3. Next execute a random forest model and produce the results. See the number of estimators (trees) to 100, 500, 1000 and 5000 and determine which specification is most likely to return the best model. Also test the minimum number of samples required to split an internal node with a range of values. Also produce results for your four different estimator values by both comparing both standardized and non-standardized (raw) results. ##\
When I executed the random forest model I got the following results:
Estimators | Training | Testing |
---|---|---|
100 | 0.8017578125 | 0.5046364080039043 |
500 | 0.8017578125 | 0.5021961932650073 |
1000 | 0.8017578125 | 0.5026842362127867 |
5000 | 0.8017578125 | 0.5080527086383602 |
From these results, I determines that 5000 is the specification that is most likely to return the best model. I then tested the minimum number of samples required to split an internal node with a range of values. From this I found that a range between 20 and 30 brought the training and testing scores closer together with the training scores being between 0.634765625 and 0.650390625 and the testing scores being between 0.5588091752074182 and 0.5641776476329917.
Next I standardized the data and compared the accuracy between the standardized and nonstandardized data, which can be seen in the below. As you can see, for the non-standardized data 5000 estimators is the most accurate while for the standardized data 1000 estimators is the most accurate.
Estimators | Non-Standardized | Standardized |
---|---|---|
100 | 0.49 | 0.50 |
500 | 0.50 | 0.49 |
1000 | 0.50 | 0.51 |
5000 | 0.51 | 0.50 |
4. Repeat the previous steps after recoding the wealth classes 2 and 3 into a single outcome. Do any of your models improve? Are you able to explain why your results have changed?
KNN Model: Creating classes 2 and 3 into a single outcome I got the results: 45, 0.5451439726695949. I used the range 40 to 60 and ran the model several times to see the outcomes. These were my best results which can be seen in the graph below. These results are not as accurate as the first time I ran the KKN Model.
KNN adding distance weight: My results were: 544, 0.4987798926305515. I used the range 500-550 as you can see in the graph below. These results not as accurate as the original data.
Logistic Regression
I executed a logistic regression method on the data and got the following results:
train score logistic regression: 0.5546875
test score logistic regression: 0.5348950707662274
When I ran the logistic regression method the test score was overall more accurate when using the combined data, but the train score was a little lower than the previously run data.
random forest model:
I got the following results:
Estimators | Training | Testing |
---|---|---|
100 | 0.7952473958333334 | 0.5061005368472425 |
500 | 0.7952473958333334 | 0.5036603221083455 |
1000 | 0.7952473958333334 | 0.5056124938994632 |
5000 | 0.7952473958333334 | 0.4992679355783309] |
Estimators | Non-Standardized | Standardized |
---|---|---|
100 | 0.509028794533919 | 0.486090775988287 |
500 | 0.4895070766227428 | 0.4895070766227428 |
1000 | 0.48316251830161056 | 0.5012201073694486 |
5000 | 0.5075646656905808 | 0.49731576378721326 |
With the recoding of classes 2 and 3 into a single outcome the models overall are not as accurate. There are some slight increases in accuracy, such as for the logistic regression training data score but overall the combination of the two variables into a single outcome did not give more accurate results. With the combination of the classes 2 and 3 the predicitve ability decreases and this could be due to a lower variability in the data.
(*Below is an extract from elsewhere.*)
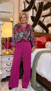 This Pant offers a front zip with button closure for a secure fit and easy wear. It includes practical side pockets and a wide leg silhouette that combines comfort with a stylish, relaxed shape.

5. Which of the models produced the best results in predicting wealth of all persons throughout the large West African capital city being described?
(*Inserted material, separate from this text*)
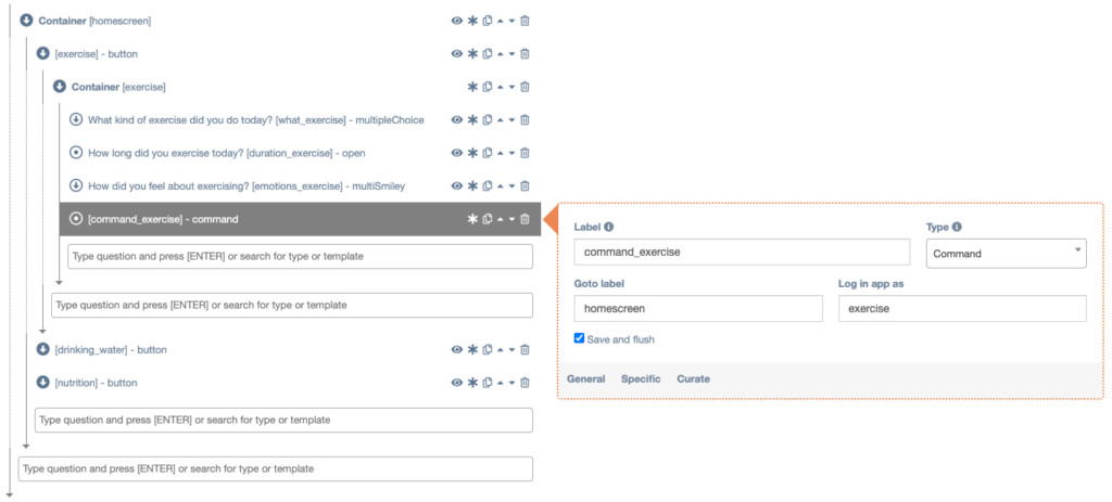 - Save and flush: If you check the Save and flush box, all answers up to the command item will be saved. This function is especially important when creating applets. This should be used as little as possible in normal questionnaires. Certainly not after each question!

Overall the models that used the data that did not combine the wealth classes 2 and 3 were accurate over the condensed outcomes. Out of all the models that I produced the one that had the best results in predicting wealth of all persons throughout the large West African captial city is the KNN model without distance added. This model had an accuracy 0.5607613469985359, which is about 56%, which is better than the 54% that I got from the other models.